大まかにいえば、「ネット銀行」もしくは「地方銀行」ならバーチャルオフィス利用者でも口座開設できる可能性があります。さらにいえば、ネット銀行のほうが柔軟なところが多いです。

 

銀行 開設可否
GMOあおぞらネット銀行 ◯可能性あり
楽天銀行 ◯可能性あり
PayPay銀行
(旧ジャパンネット銀行)
◯可能性あり
住信SBIネット銀行 ◯可能性あり
イオン銀行 ×不可
りそな銀行 ◯可能性あり
ゆうちょ銀行 ◯可能性あり
新生銀行 ◯可能性あり

 

□ むずかしい/不可な銀行(都市銀行、信用金庫)

一方で、創業初期は開設可能性の低い銀行や、そもそもバーチャルオフィスではNGの銀行もあります。

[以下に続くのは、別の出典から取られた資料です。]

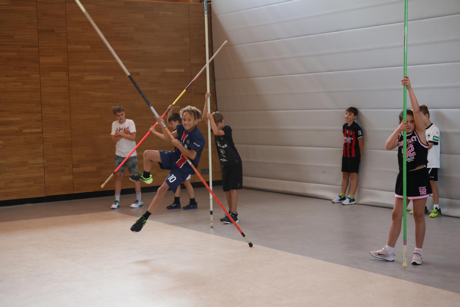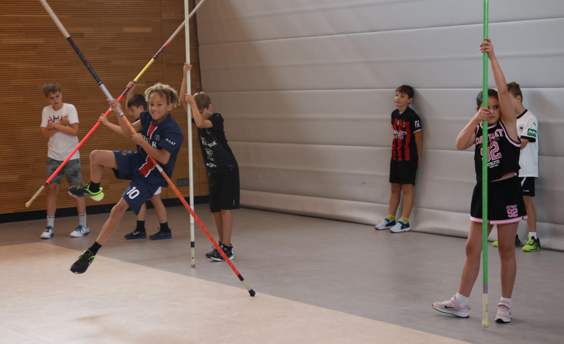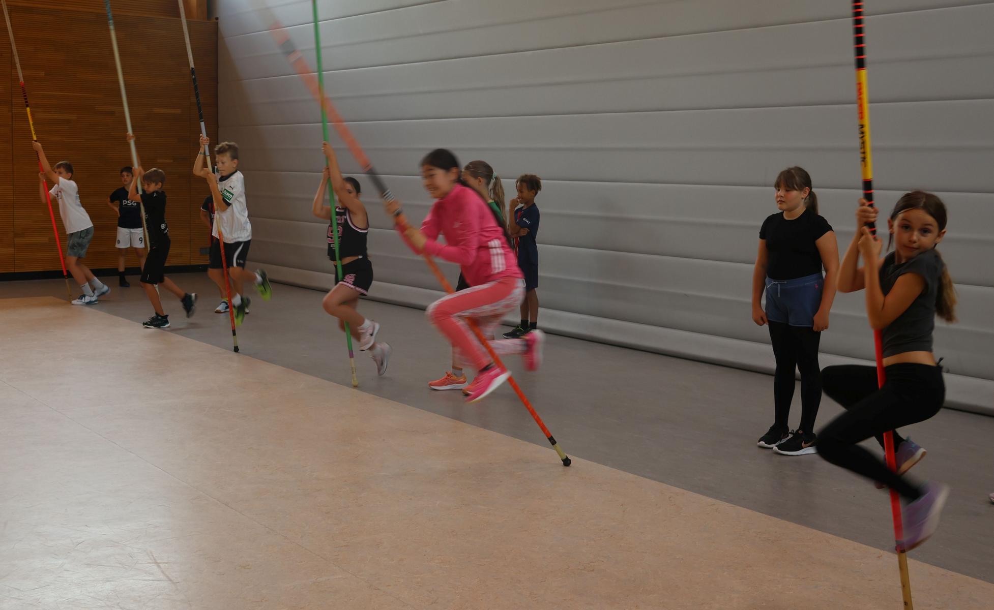 In vier Doppelstunden lernten die Kinder vielfältiges Laufen, Springen und Werfen kennen. Eine besondere Einheit war dabei das Springen mit dem Stab, in der die Kinder sogar Stabhochsprung an verschiedenen Stationen in einfacher Form ausprobieren konnten. Das Gefühl des Getragenwerdens und des Fliegens ist der besondere Anreiz.
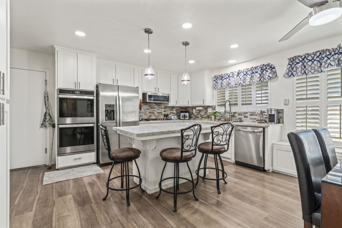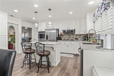 Inside, you’ll find 1,957 square feet of thoughtfully updated living space, starting with a welcoming open floor plan filled with natural light and finished with elegant water-resistant flooring throughout the main areas. The spacious living and dining rooms flow seamlessly into the heart of the home—an updated gourmet kitchen featuring timeless shaker-style cabinetry, quartz countertops, a full tile backsplash, and a large center island perfect for meal prep, casual dining, or entertaining guests.
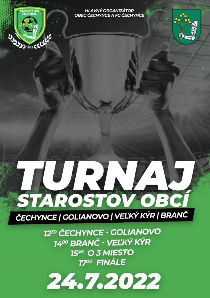 Samospráva Obce Čechynce a FC Čechynce Vás srdečne pozývajú na futbalový turnaj o „Putovný pohár starostov obcí - Branč-Čechynce-Golianovo-Veľký Kýr“ dňa 24. júla 2022 o 12,30 hod.
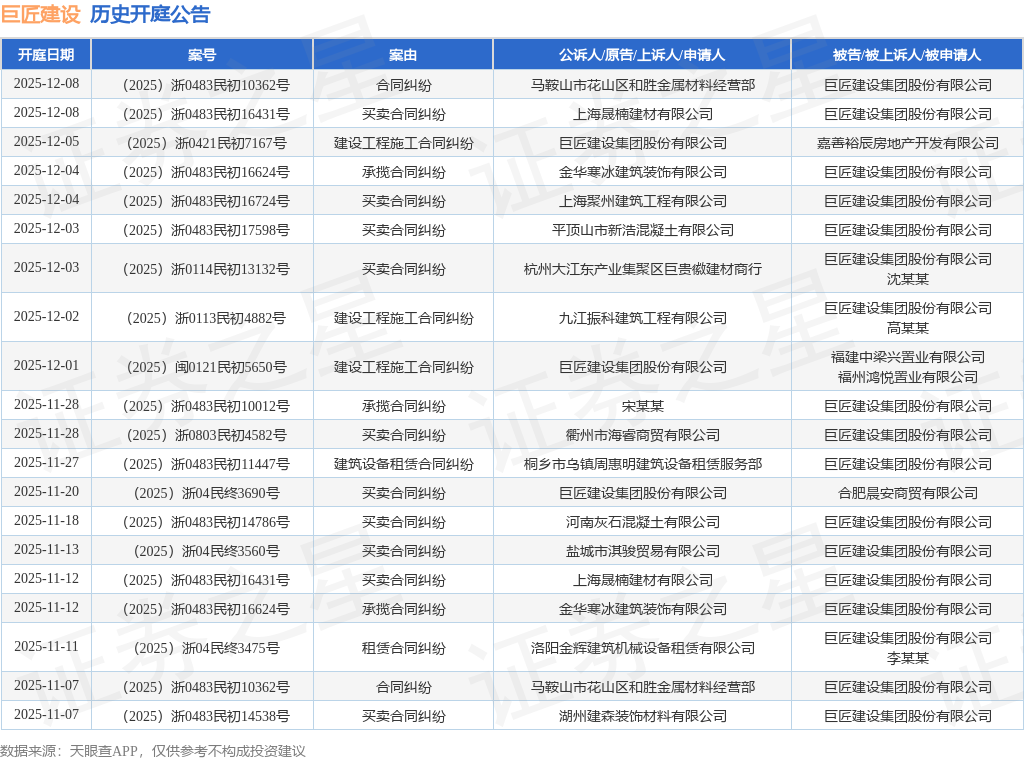 案号:(2025)浙0483民初16724号根据统计,近一年内以巨匠建设集团股份有限公司为当事人的历史开庭公告有234则,其中案由为“买卖合同纠纷”的公告以80则居首,其次为“合同纠纷”有36则,“建设工程施工合同纠纷”有30则。历史开庭公告(前20条)如下:

具体的には「都市銀行(メガバンク)」と「信用金庫」にその傾向があります。

 

銀行 開設可否
三菱UFJ銀行 〇一応可
三井住友銀行 〇一応可
みずほ銀行 〇一応可
信用金庫全般 ×不可
登録住所と実際の事業所が異なると、口座開設は否認されます

メモ:紹介や個人時代から取引あると反応が変わることも
ちなみに、通常審査のむずかしい都市銀行や信用金庫でも、①紹介者がいたり、②個人事業時代から取引実績のあるところだと、口座開設できる可能性があります。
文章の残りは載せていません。